Repeat exactly the lines of the material below that run from the "Холодильный стол КАМИК" line to the "Комплект прозрачных стекловолоконных" line, including both, and do not carry over any pictures.

RECORDS SUPPLIED:

################

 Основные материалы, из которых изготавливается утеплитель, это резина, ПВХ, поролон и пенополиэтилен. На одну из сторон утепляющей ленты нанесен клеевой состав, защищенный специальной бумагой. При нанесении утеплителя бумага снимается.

################

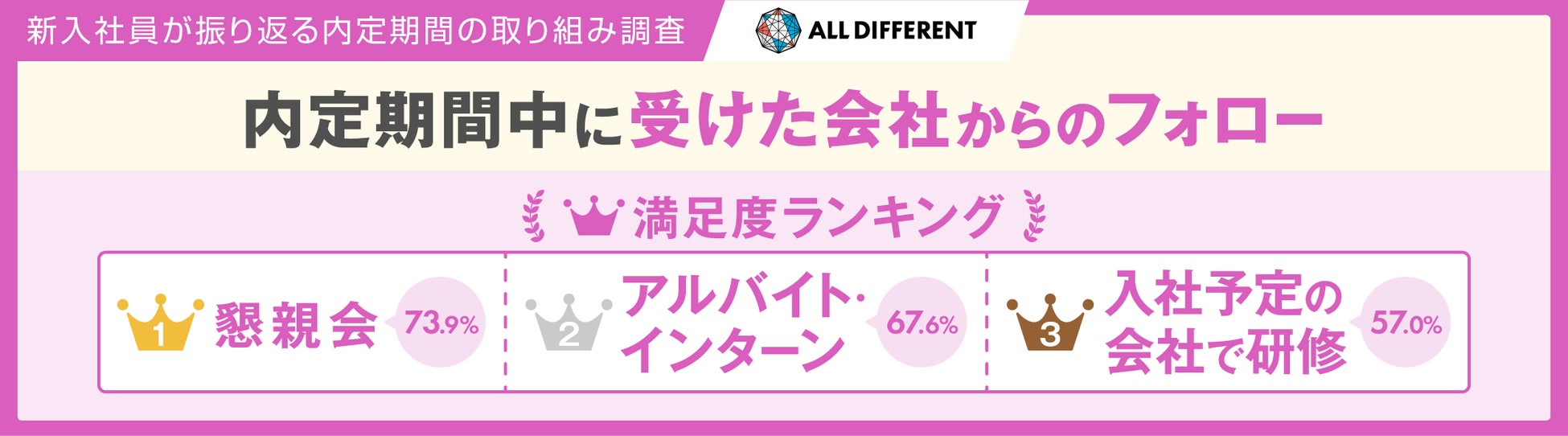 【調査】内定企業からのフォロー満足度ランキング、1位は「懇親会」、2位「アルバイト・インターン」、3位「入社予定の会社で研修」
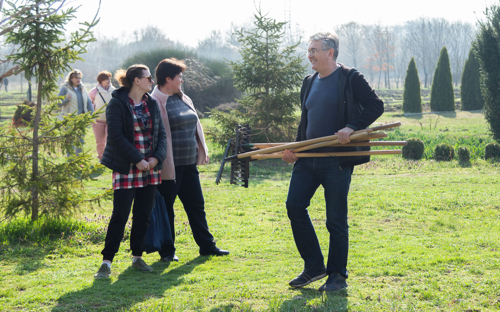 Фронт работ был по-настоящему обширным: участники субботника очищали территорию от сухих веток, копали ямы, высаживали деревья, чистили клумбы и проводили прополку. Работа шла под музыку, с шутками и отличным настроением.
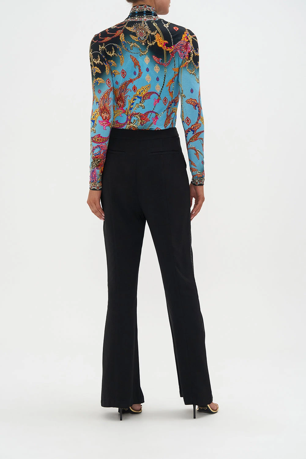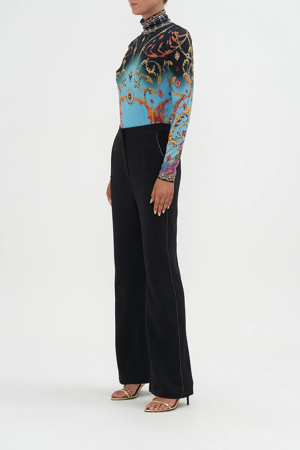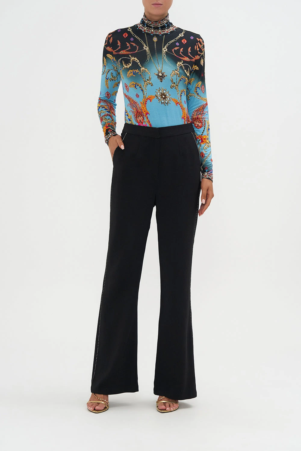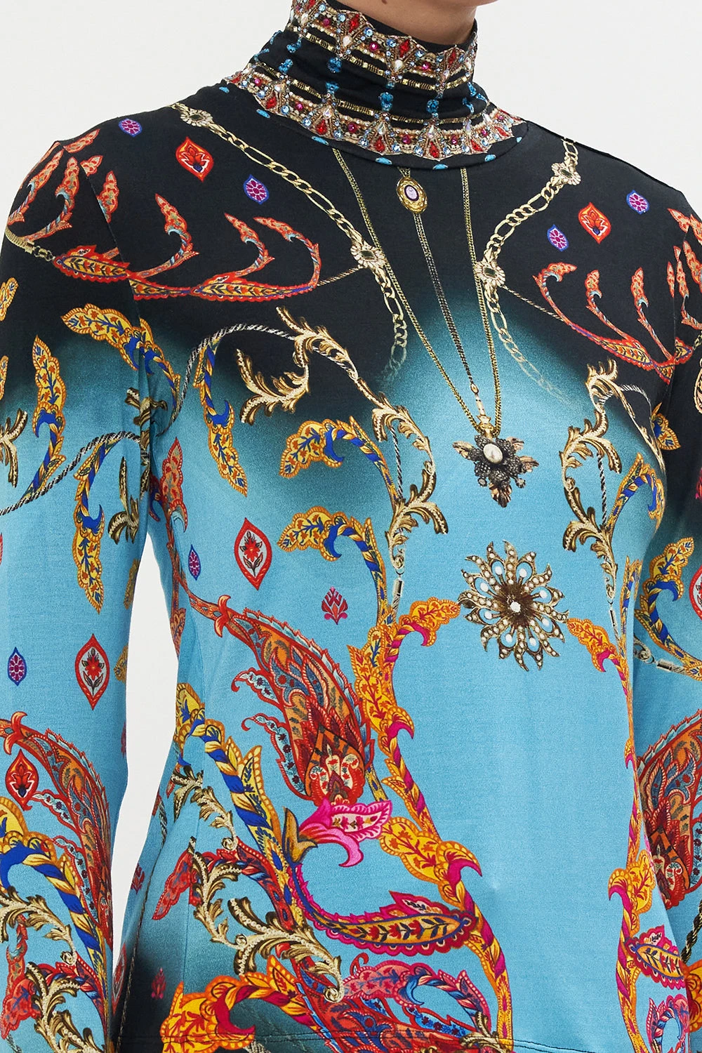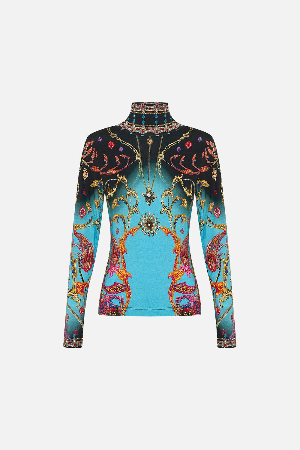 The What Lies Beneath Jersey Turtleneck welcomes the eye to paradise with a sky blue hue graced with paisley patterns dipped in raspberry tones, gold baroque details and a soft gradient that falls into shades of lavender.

################

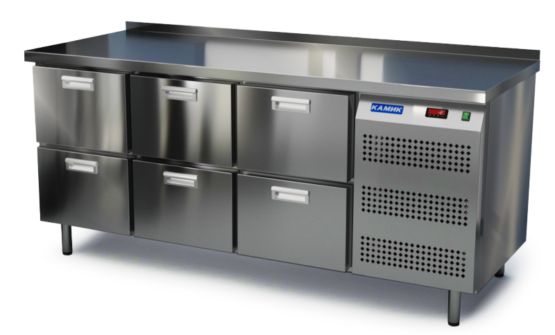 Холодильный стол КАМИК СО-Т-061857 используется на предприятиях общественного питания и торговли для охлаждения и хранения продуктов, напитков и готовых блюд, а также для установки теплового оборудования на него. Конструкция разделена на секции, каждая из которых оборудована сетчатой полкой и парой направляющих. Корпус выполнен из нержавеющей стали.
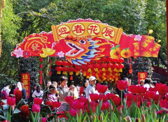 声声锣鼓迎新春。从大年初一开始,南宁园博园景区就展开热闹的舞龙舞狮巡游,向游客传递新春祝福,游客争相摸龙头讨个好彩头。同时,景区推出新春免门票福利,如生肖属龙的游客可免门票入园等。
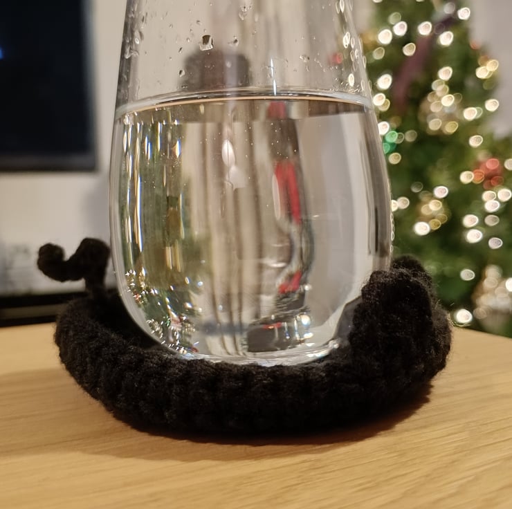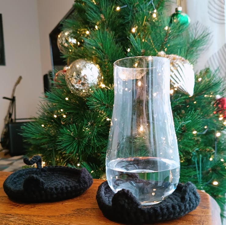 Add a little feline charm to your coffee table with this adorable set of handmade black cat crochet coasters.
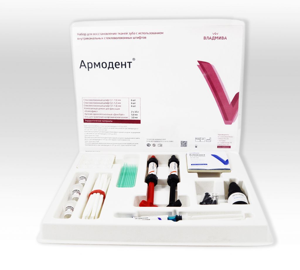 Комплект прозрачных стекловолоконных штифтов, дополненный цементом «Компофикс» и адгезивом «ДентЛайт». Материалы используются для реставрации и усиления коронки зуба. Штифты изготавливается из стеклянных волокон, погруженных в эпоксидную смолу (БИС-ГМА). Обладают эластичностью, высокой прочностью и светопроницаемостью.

################

TASK SOLUTION:
 Холодильный стол КАМИК СО-Т-061857 используется на предприятиях общественного питания и торговли для охлаждения и хранения продуктов, напитков и готовых блюд, а также для установки теплового оборудования на него. Конструкция разделена на секции, каждая из которых оборудована сетчатой полкой и парой направляющих. Корпус выполнен из нержавеющей стали.
 声声锣鼓迎新春。从大年初一开始,南宁园博园景区就展开热闹的舞龙舞狮巡游,向游客传递新春祝福,游客争相摸龙头讨个好彩头。同时,景区推出新春免门票福利,如生肖属龙的游客可免门票入园等。
 Add a little feline charm to your coffee table with this adorable set of handmade black cat crochet coasters.
 Комплект прозрачных стекловолоконных штифтов, дополненный цементом «Компофикс» и адгезивом «ДентЛайт». Материалы используются для реставрации и усиления коронки зуба. Штифты изготавливается из стеклянных волокон, погруженных в эпоксидную смолу (БИС-ГМА). Обладают эластичностью, высокой прочностью и светопроницаемостью.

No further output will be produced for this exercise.